De nombreux chanteurs célèbres ont commencé leur carrière dans ces bouzoukia : Marinella, Pashalis Terzis, Vasilis Karras, Antonis Remos et Despina Vandi, ainsi que des chanteurs-artistes plus récents tels que Paola et Makis Dimakis. Aujourd’hui, malgré une pandémie en cours et les séquelles d’une crise économique, les habitants et les visiteurs de la ville continuent de profiter de la bouzoukia, bien que la fréquentation soit en baisse par rapport aux années précédentes. Pyli A, Mouses en Horo, Fix et Stage Live sont quelques-uns des endroits les plus célèbres de ce type, et tout comme les touristes devraient essayer les spécialités locales d’une ville, une nuit au bouzoukia devrait faire partie de l’expérience des visiteurs novices à Thessalonique. , quels que soient leurs goûts musicaux et malgré le fait que ces établissements ont, en fait, à la fois leurs fidèles fans et leurs ennemis jurés parmi les locaux.
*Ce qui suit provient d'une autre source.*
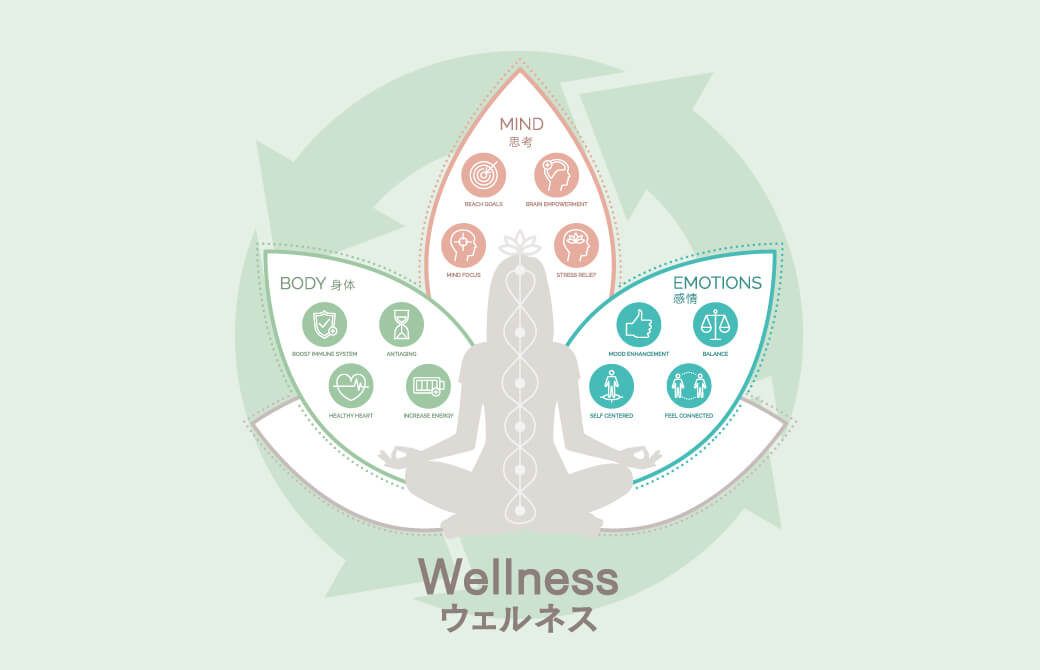 こうした背景によって、見直されるようになった言葉が「ウェルネス/Wellness」。先に記した「健康」の定義に踏み込み、かつより高く広い視点から見た健康観を意味します。1961年、アメリカの医学者、ハルバート・ダンによって提唱され、作られた言葉です。

Thessalonique offre tellement d’options de divertissement pour tous les goûts, mais beaucoup de gens dans les cafés et les bars de la ville sont encore nostalgiques du vieux Thessalonique – l’explosion de la musique rock, des lieux authentiques pour écouter des chansons folkloriques urbaines et le sens de la communauté. Au 22 rue Pavlou Mela, où se trouvait autrefois l’ancien joint de Tsitsanis, il y a maintenant un magasin de vêtements. Et pourtant, comme le dit Giannis Aggelakas dans la chanson « Giorti », dans son accent épais et caractéristique de Thessalonique, « il y a quelque chose qui n’a pas encore été perdu ». C’est peut-être une soif de ce qui est à venir. Vous pouvez l’entendre dans les paroles sérieuses de LEX, dans l’atmosphère de fête de Souled Out et dans le son de ce groupe inconnu qui répète aujourd’hui dans l’espoir de jouer pour vous demain.